With all eyes on the US Fed, participants expect a 25-bps rate cut, while the key focus will be on the 2026 dot-plot guidance. Additionally, updates from the India–US trade discussions in New Delhi will remain in the spotlight.
The recent slide, following Friday’s RBI-driven rally, has weakened the short-term sentiment, and we now view 25,650 as the next critical support. A decisive break below this level could further widen the consolidation range, with the next major support at the 25,400 level. On the upside, the 20-DEMA, placed around 25,950, now acts as the immediate hurdle, and only a sustained move above this zone may help improve the near-term bias.
Until clarity emerges, we recommend maintaining a stock-specific trading approach, with buying opportunities in private banks, autos, and metals, while also keeping selective short positions as a hedge against potential downside risk.
Stocks to Buy Today - Recommendations by Ajit Mishra, Religare Broking
We are seeing a steady uptrend in the auto space, and Eicher Motors continues to trade at fresh all-time highs, reflecting strong and sustained momentum.

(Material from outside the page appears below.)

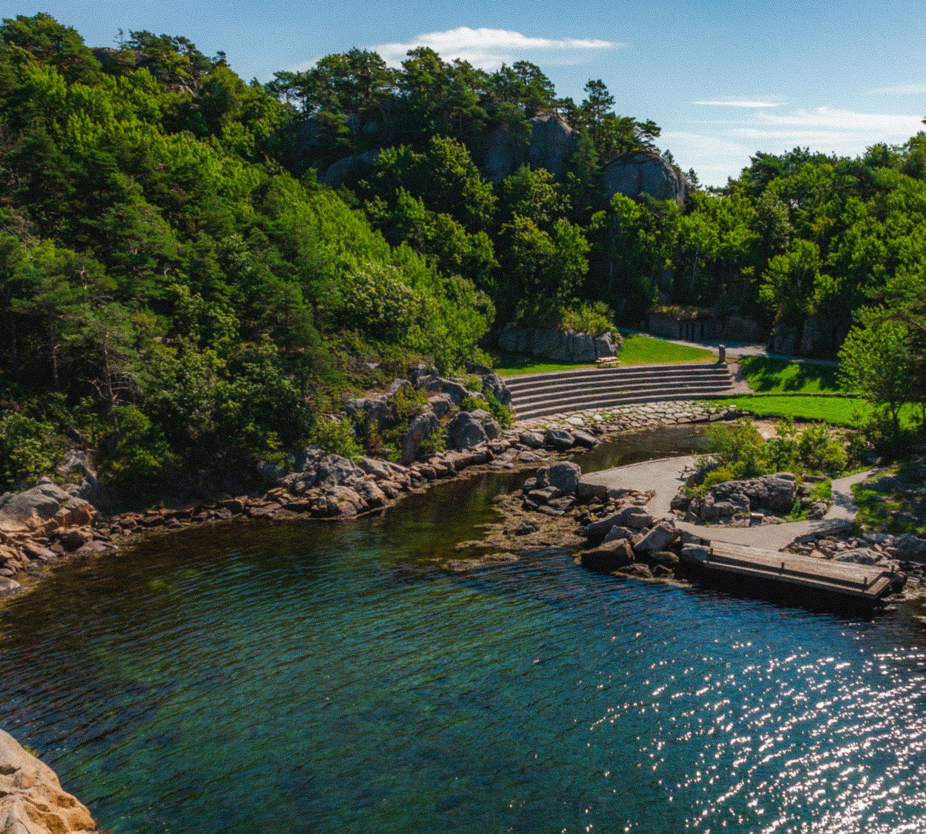I tillegg til alt dette, er du en liten spasertur unna naturskjønne Ulvsvika - en lagune med strand, gresslette og et eget amfi til forestillinger. Her kan også de ivrigste klatrerne bryne seg på en klatrevegg direkte opp fra vannkanten.

It has displayed a robust structural setup, marked by a sharp advance since July 2025 and a consistent formation of higher highs and higher lows. After its swift rally, it entered a brief, low-volume consolidation phase, forming a stable elevated base near its short-term moving averages. Each consolidation has been absorbed quickly, followed by renewed buying interest, reinforcing the ongoing bullish trend and indicating further upside potential. Traders may consider long positions even in the current volatile market environment, as the stock continues to show remarkable stability.
ICICI Prudential Life Insurance Company | LTP: ₹ 642.85 | Recommendation: Buy | Target: ₹705 | Stop-loss: ₹612
ICICI Prudential has broken out of a broad five-month consolidation phase, establishing a strong base above its 200 WEMA. This breakout is supported by healthy buying interest and a strong recovery above key short-, medium-, and long-term moving averages on the daily chart. The RSI has also turned positive with a bullish crossover, adding conviction to the uptrend. The consolidation pattern resembles an inverted head-and-shoulders formation, typically indicative of a trend reversal and the start of a sustained upward move. Given this favourable technical setup, long positions may be considered within the recommended range.

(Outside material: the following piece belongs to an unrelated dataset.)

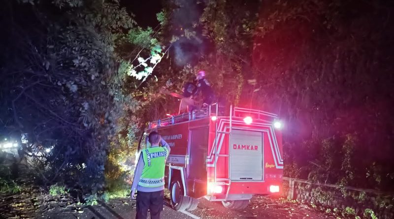 Quick Respon Polsek Babat Tangani Pohon Tumbang Akibat Hujan Deras

Kalyan Jewellers has been trading in a corrective phase since the beginning of the year, with no meaningful signs of reversal yet. Although the stock attempted multiple rebounds over the past four months, it consistently failed to surpass the resistance of its long-term moving average—the 200-day DEMA. Following the latest failed attempt, the stock has witnessed a fresh breakdown, forming a clear shorting pivot. The decline is accompanied by rising volumes, reinforcing the prevailing bearish sentiment. The RSI also signals sustained downward momentum. With the bearish structure intact, the stock is likely to extend its corrective trend, making it a suitable candidate for short positions. (Disclaimer: This article is by Ajit Mishra, SVP – research, Religare Broking. Views expressed are his own.)